§ Provided data
- Opening Delimiter -

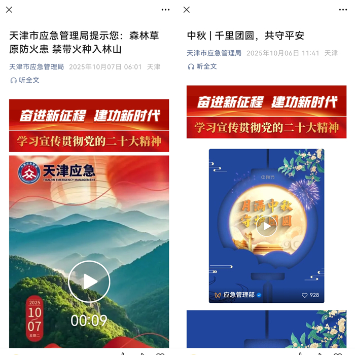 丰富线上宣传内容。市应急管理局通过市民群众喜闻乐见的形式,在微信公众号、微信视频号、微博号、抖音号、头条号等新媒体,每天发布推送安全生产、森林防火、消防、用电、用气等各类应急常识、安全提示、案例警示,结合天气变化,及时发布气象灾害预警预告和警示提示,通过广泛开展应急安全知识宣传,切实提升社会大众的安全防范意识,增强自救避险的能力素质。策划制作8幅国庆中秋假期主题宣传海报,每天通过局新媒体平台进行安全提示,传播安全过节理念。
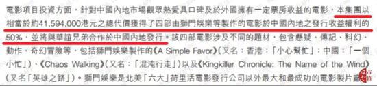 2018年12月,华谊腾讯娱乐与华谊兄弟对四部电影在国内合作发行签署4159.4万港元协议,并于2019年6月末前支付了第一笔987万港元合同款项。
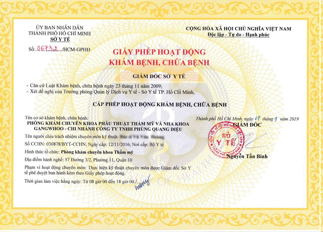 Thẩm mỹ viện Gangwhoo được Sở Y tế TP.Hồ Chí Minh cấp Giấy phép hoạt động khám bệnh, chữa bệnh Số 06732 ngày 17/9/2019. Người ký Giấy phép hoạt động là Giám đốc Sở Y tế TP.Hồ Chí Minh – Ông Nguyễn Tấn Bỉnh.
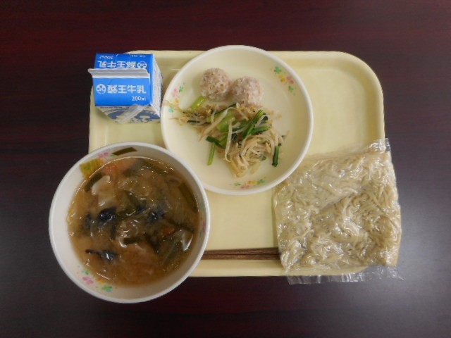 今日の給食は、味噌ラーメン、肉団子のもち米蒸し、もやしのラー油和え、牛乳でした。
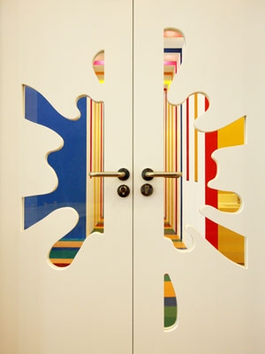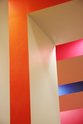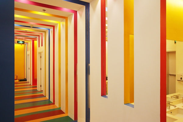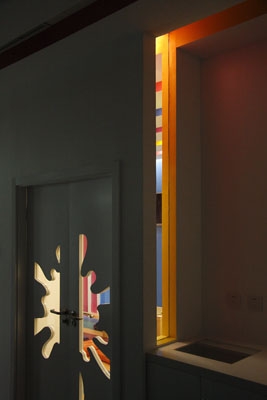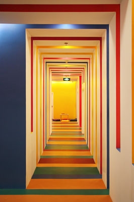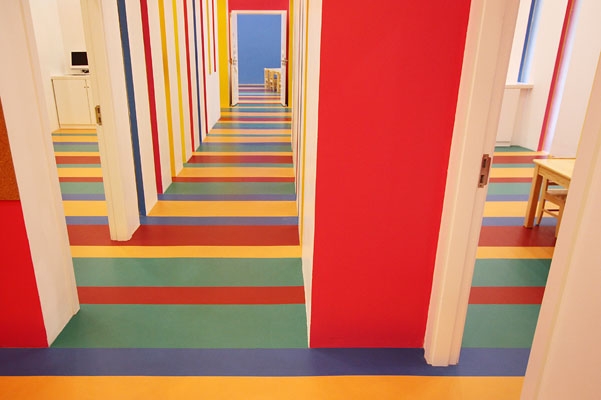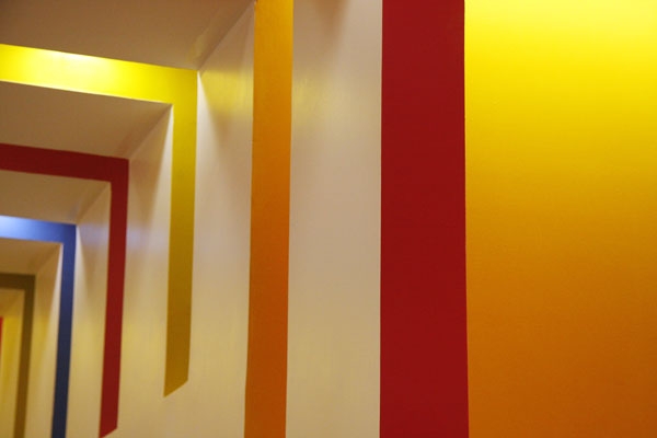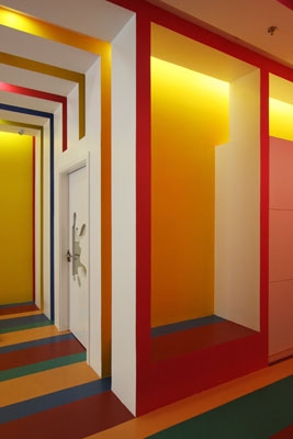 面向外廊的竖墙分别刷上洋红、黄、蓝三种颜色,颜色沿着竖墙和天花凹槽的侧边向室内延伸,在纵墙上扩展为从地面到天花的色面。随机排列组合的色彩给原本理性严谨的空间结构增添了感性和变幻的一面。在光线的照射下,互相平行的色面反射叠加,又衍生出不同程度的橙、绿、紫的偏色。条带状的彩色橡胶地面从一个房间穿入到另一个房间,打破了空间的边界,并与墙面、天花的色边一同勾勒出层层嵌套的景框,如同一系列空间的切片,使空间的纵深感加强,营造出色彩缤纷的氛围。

- Closing Delimiter -
- Opening Delimiter -

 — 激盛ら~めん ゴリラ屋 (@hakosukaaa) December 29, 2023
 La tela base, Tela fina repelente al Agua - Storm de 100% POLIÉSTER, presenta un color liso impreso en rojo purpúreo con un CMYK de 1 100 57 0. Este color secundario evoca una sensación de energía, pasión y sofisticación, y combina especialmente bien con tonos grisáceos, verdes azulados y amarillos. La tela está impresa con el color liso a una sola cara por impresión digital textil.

- Closing Delimiter -

§ Task description
If a picture sits between the line containing "丰富线上宣传内容。市应急管理" and the line containing "面向外廊的竖墙分别刷上洋红、", leave it out, and return the lines of that range above exactly, both ends included.

§ Solution for this problem
 丰富线上宣传内容。市应急管理局通过市民群众喜闻乐见的形式,在微信公众号、微信视频号、微博号、抖音号、头条号等新媒体,每天发布推送安全生产、森林防火、消防、用电、用气等各类应急常识、安全提示、案例警示,结合天气变化,及时发布气象灾害预警预告和警示提示,通过广泛开展应急安全知识宣传,切实提升社会大众的安全防范意识,增强自救避险的能力素质。策划制作8幅国庆中秋假期主题宣传海报,每天通过局新媒体平台进行安全提示,传播安全过节理念。
 2018年12月,华谊腾讯娱乐与华谊兄弟对四部电影在国内合作发行签署4159.4万港元协议,并于2019年6月末前支付了第一笔987万港元合同款项。
 Thẩm mỹ viện Gangwhoo được Sở Y tế TP.Hồ Chí Minh cấp Giấy phép hoạt động khám bệnh, chữa bệnh Số 06732 ngày 17/9/2019. Người ký Giấy phép hoạt động là Giám đốc Sở Y tế TP.Hồ Chí Minh – Ông Nguyễn Tấn Bỉnh.
 今日の給食は、味噌ラーメン、肉団子のもち米蒸し、もやしのラー油和え、牛乳でした。
 面向外廊的竖墙分别刷上洋红、黄、蓝三种颜色,颜色沿着竖墙和天花凹槽的侧边向室内延伸,在纵墙上扩展为从地面到天花的色面。随机排列组合的色彩给原本理性严谨的空间结构增添了感性和变幻的一面。在光线的照射下,互相平行的色面反射叠加,又衍生出不同程度的橙、绿、紫的偏色。条带状的彩色橡胶地面从一个房间穿入到另一个房间,打破了空间的边界,并与墙面、天花的色边一同勾勒出层层嵌套的景框,如同一系列空间的切片,使空间的纵深感加强,营造出色彩缤纷的氛围。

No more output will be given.